→ **Exercise prompt**
Type out the data exactly as given. Skip any image.

→ **Material provided**
::::::::::

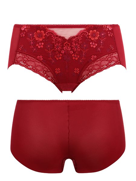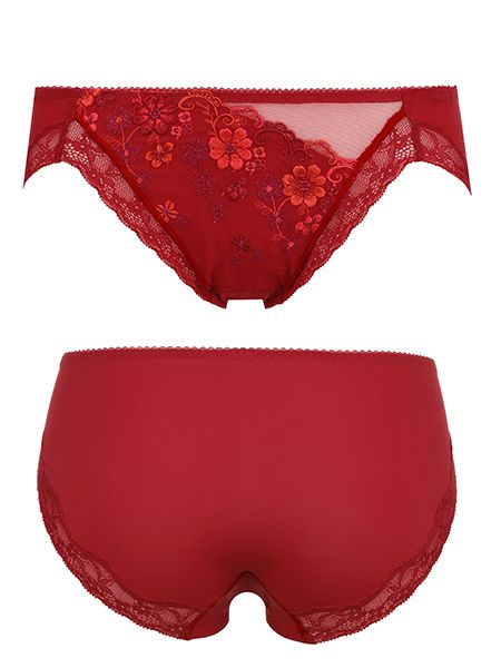 深みのあるレッドときらきらと輝くエンブロイダリーレースで、華やかさと高級感を。
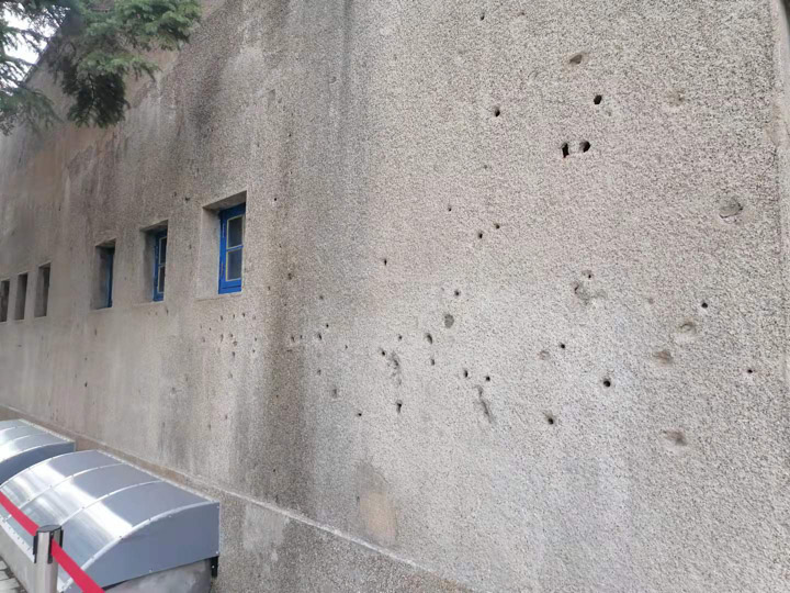 队员们拾阶而上,仿佛冲顶当年战斗的高地。他们来到建筑遗址“红房子”跟前,这里虽然经过翻新整修,但旧貌依旧保留,在东墙上,弹痕累累,清晰可见。耳畔似乎能听到轰轰烈烈的枪声。队员们都安静严肃起来,静静的思考。
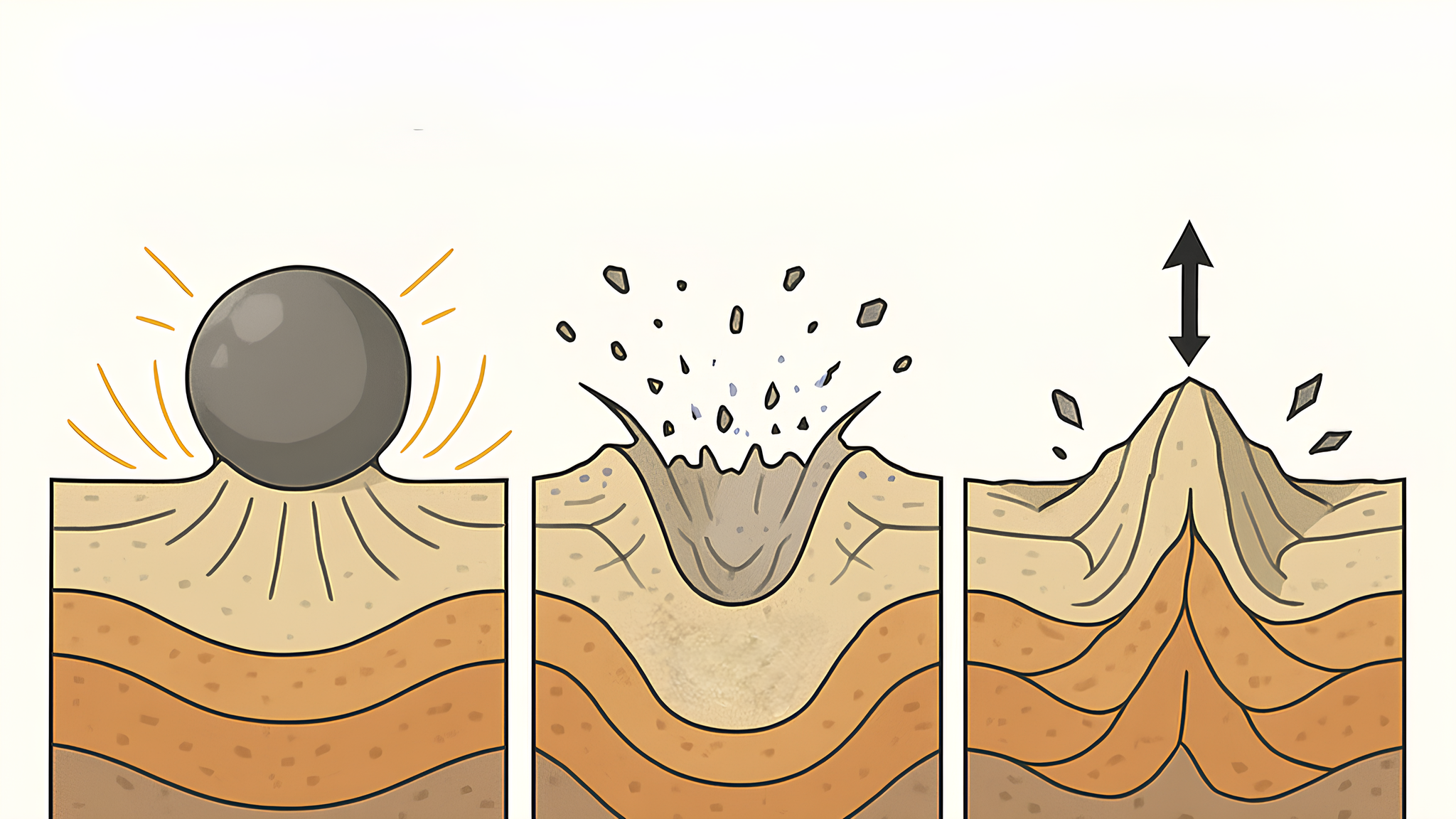 Происходящий взрыв по мощности сопоставим с ядерным, но его природа принципиально иная. Ударная волна распространяется сферически симметрично от точки контакта независимо от угла падения метеорита. Именно эта сферическая симметрия взрывной волны формирует круглый кратер даже при косом ударе. Направление подлёта становится несущественным — важна только колоссальная энергия, высвобождаемая в точке удара.
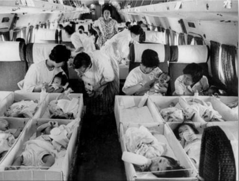 A flight evacuating Holt children from Da Nang arrives in Saigon in late March 1975. From the Holt website. During the Vietnam war, President Gerald Ford authorized the evacuation of Vietnamese children to the U.S. The airlifts were framed as an act of rescue, although the crash of one of the evacuation planes killing 138 people (including 78 children) and the discovery that some of the childrens’ parents did not consent to their child’s evacuation caused criticism of the operation.

::::::::::

→ **Solution**
 深みのあるレッドときらきらと輝くエンブロイダリーレースで、華やかさと高級感を。
 队员们拾阶而上,仿佛冲顶当年战斗的高地。他们来到建筑遗址“红房子”跟前,这里虽然经过翻新整修,但旧貌依旧保留,在东墙上,弹痕累累,清晰可见。耳畔似乎能听到轰轰烈烈的枪声。队员们都安静严肃起来,静静的思考。
 Происходящий взрыв по мощности сопоставим с ядерным, но его природа принципиально иная. Ударная волна распространяется сферически симметрично от точки контакта независимо от угла падения метеорита. Именно эта сферическая симметрия взрывной волны формирует круглый кратер даже при косом ударе. Направление подлёта становится несущественным — важна только колоссальная энергия, высвобождаемая в точке удара.
 A flight evacuating Holt children from Da Nang arrives in Saigon in late March 1975. From the Holt website. During the Vietnam war, President Gerald Ford authorized the evacuation of Vietnamese children to the U.S. The airlifts were framed as an act of rescue, although the crash of one of the evacuation planes killing 138 people (including 78 children) and the discovery that some of the childrens’ parents did not consent to their child’s evacuation caused criticism of the operation.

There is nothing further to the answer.